The idea is quite simple: Since any great circle can be parametrized as $\cos(\theta)u + \sin(\theta)v$ where $u$ and $v$ are two orthonormal vectors. One can start with $u=\{1,0,0\}, v=\{0,1,0\}$ and use RotationTransform to get out of the xy plane, then use RotationTransform again to spin around the z-axis to get all great circles with desired inclination.

Manipulate[
 (* Rotation deg° out of the xy plane *)
 rx = RotationTransform[deg Degree, {0, 1, 0}];

 (* Spin around z axis *)
 rz = RotationTransform[ϕ Degree, {0, 0, 1}];
 {u, v} = rz @ rx @ {{1, 0, 0}, {0, 1, 0}};

 Show[{
   Graphics3D[{ 
     {Opacity[0.4], Sphere[]},
     {Opacity[0.5], 
      Polygon[{ {-1, -1, 0}, {1, -1, 0}, {1, 1, 0}, {-1, 1, 0}}]},
     {Arrow[{{0, 0, 0}, u}],
      Arrow[{{0, 0, 0}, v}]}
     }],
   ParametricPlot3D[{
     Cos[θ] u + Sin[θ] v, (* The great circle in question *)
     {Cos[θ], Sin[θ], 0}, (* Normal unit circle *) 
     RotationTransform[θ, {0, 0, 1}] /@ {u, -u} (* The red dashed stuff *)
     }, {θ, -Pi, Pi},
    PlotStyle -> {Directive[Blue, Thick], Black, Directive[Red, Dashed]}]
   },
  Axes -> True,
  AxesLabel -> {"x", "y", "z"}],
 {{deg, 15, "Inclination"}, -180, 180},
 {ϕ, 0, 360}]

Output

share|improve this answer
add comment

Here is a static solution to the problem. It shows a mesh on the sphere that represents the normal lat-long coordinate system.

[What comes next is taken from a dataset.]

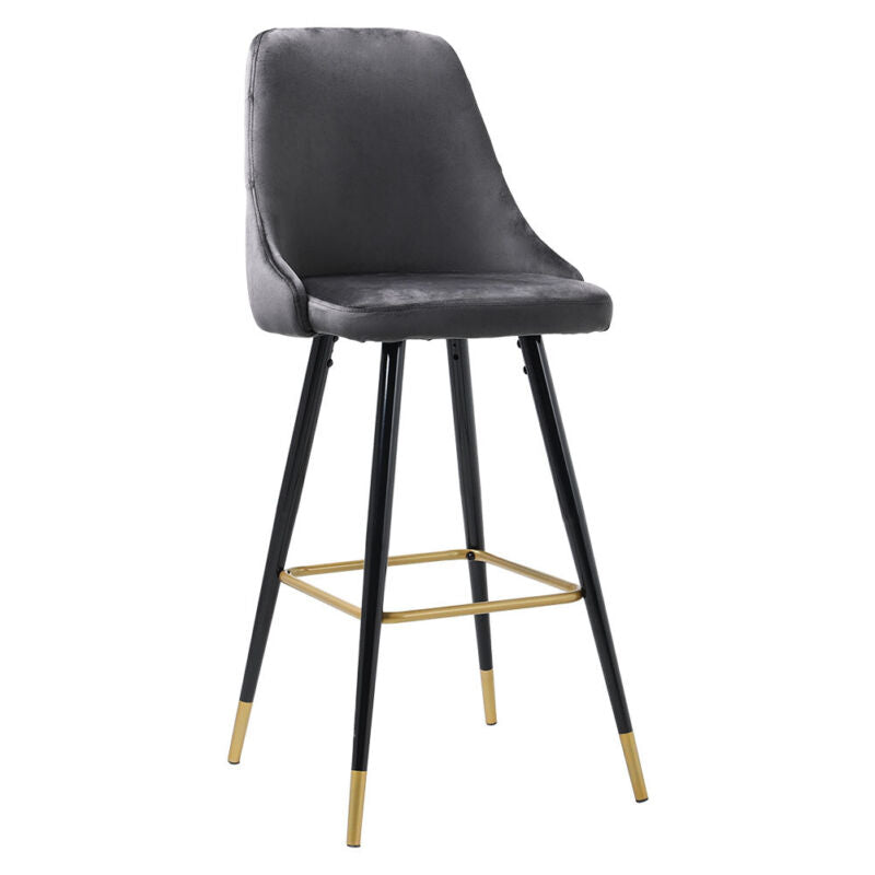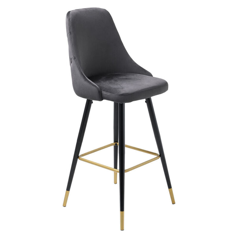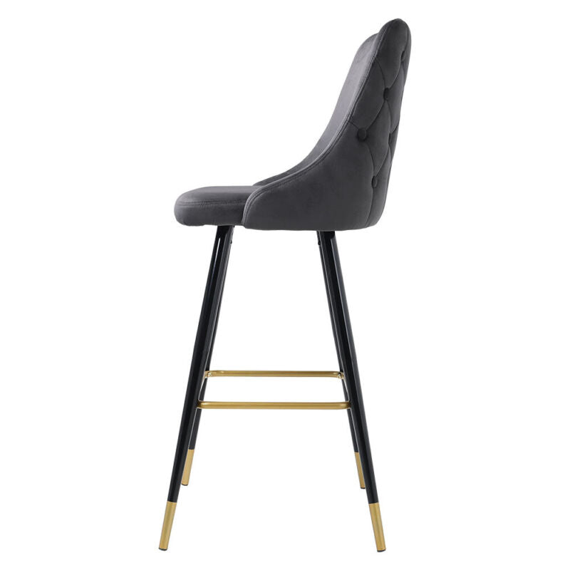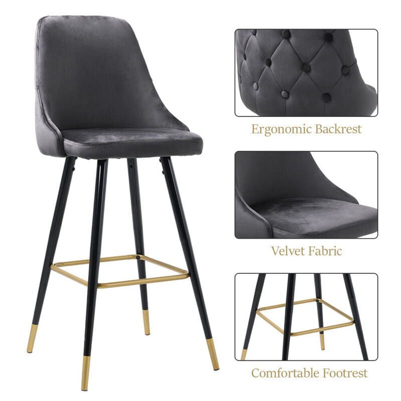 Set of 2 Velvet Bar Stools Metal Leg Padded Seat Breakfast Stools Kitchen Chair
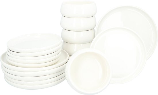 Als je zoekt naar een mooi wit servies wat onderscheidend is, dan heb je het nu gevonden! Dit servies biedt is uitgevoerd voor zes personen en bevat alles wat je nodig hebt voor een complete maaltijd: dinerborden, ontbijtborden en kommen. De glanzende glazuurlaag op het servies maken het een tijdloos en duurzaam servies en heeft een mooi moderne uitstraling, zeker in combinatie met de opstaande rand. Het servies is vaatwasser en magnetron geschikt. De kom is niet alleen handig voor pasta of soep maar ook ideaal voor een joghurt ontbijt met meusli of vers fruit.

A function representing the equator.

equator[θ_] := {Cos[θ], Sin[θ], 0}

A function and a plot representing the inclined circle. Note that the inclination is accomplished by a rotation of the equator about the x-axis.

inclinedCircle[θ_, i_] := 
   RotationTransform[i, {1, 0, 0}][equator[θ]];
circlePlot[i_] := 
    ParametricPlot3D[
       Evaluate[inclinedCircle[θ, i °]], {θ, 0, 2 π},
       PlotStyle -> {Thickness[0.005]}]  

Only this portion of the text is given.